QC court tells Parojinog to start presenting evidence
MANILA, Philippines — The Quezon City Regional Trial Court has refused to dismiss the drug case against former Ozamiz City Vice Mayor Nova Princess Parojinog.
In a 67-page ruling, the QCRTC Branch 228 dismissed the demurrer to evidence filed by Parojinog, a setback that will compel her to counter the allegations made by the prosecution by presenting her own evidence.
A demurrer to evidence is in effect a motion to dismiss filed by the accused after the prosecution finished its presentation of evidence. The demurrer is anchored on the ground that the evidence presented by the prosecution is insufficient.
In her plea, she cited numerous irregularities as the basis for seeking the dismissal of the cases.
Prior to the implementation of the search warrant in her house, Parojinog said the advance security team already entered her house and stayed at her house, “thereby compromising and invalidating the entire search and seizure operations conducted by the police.”
But the court, in its ruling, said there is no proof that the presence of the advance team inside the house has compromised the search and seizure operations conducted by the police.
“Absent proof that the presence of the advance team in the house of the accused gave the police officers and opportunity to plant evidence as to the defense claims, the Court has no basis to conclude that the search warrant was not properly implemented,” read the ruling of Presiding Judge Mitushealla R. Manzanero-Casiño.
The court added that the prosecution was also able to produce a video of the search warrant being read to Parojinog.
On the argument that the chain of custody was broken, the court said: “The Supreme Court has applied the presumption that the policemen performed their official duties regularly and in order to overcome this presumption, the accused must show that there was bad faith or improper motive on the part of the policemen or that the confiscated items have tampered.”

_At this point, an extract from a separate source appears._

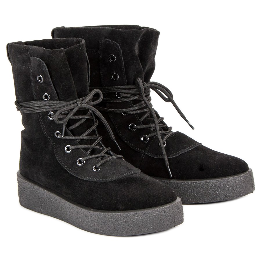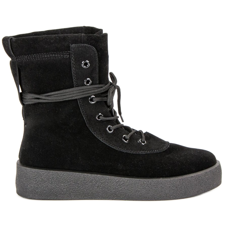 Schwarze Schnürstiefeletten sind die perfekte Wahl für Frauen, die in der kommenden Herbst- und Wintersaison Komfort und Stil suchen. Aus hochwertigem ökologischem Wildleder gefertigt, vereinen diese Freizeitschuhe Eleganz mit Funktionalität. Der versteifte Absatz und die glatte Gummisohle sorgen für Stabilität und Tragekomfort im Alltag.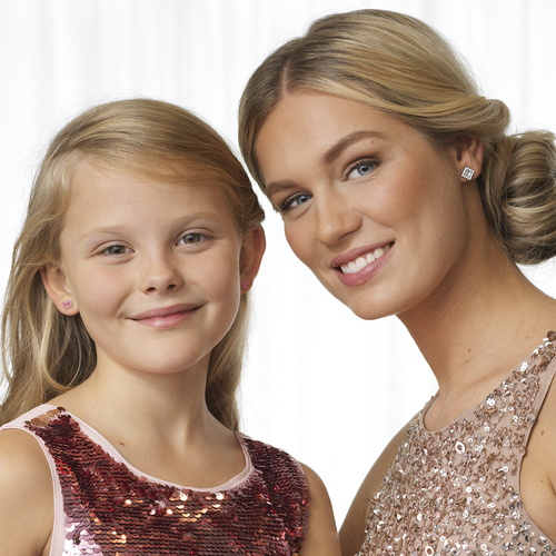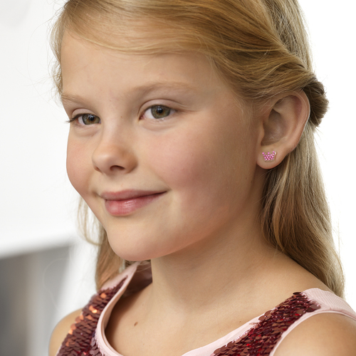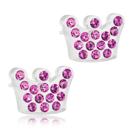 Örhängen utvecklade i samråd med hudläkare, i ren medicinsk plast med Swarovski-kristaller. Diameter 9 mm. Art. nr. 15‑01125‑03.

In this case, the court said with the testimonial and documentary evidence presented by the prosecutors, it would be premature “to conclude that the prosecution’s evidence failed to establish the commission of the crime charged and that the accused appears to be the perpetrator.”
At this point, the court said, it “cannot make a categorical pronouncement that the guilt of the accused has not been proven beyond a reasonable doubt.”
The court said it would be best for the accused to present her evidence.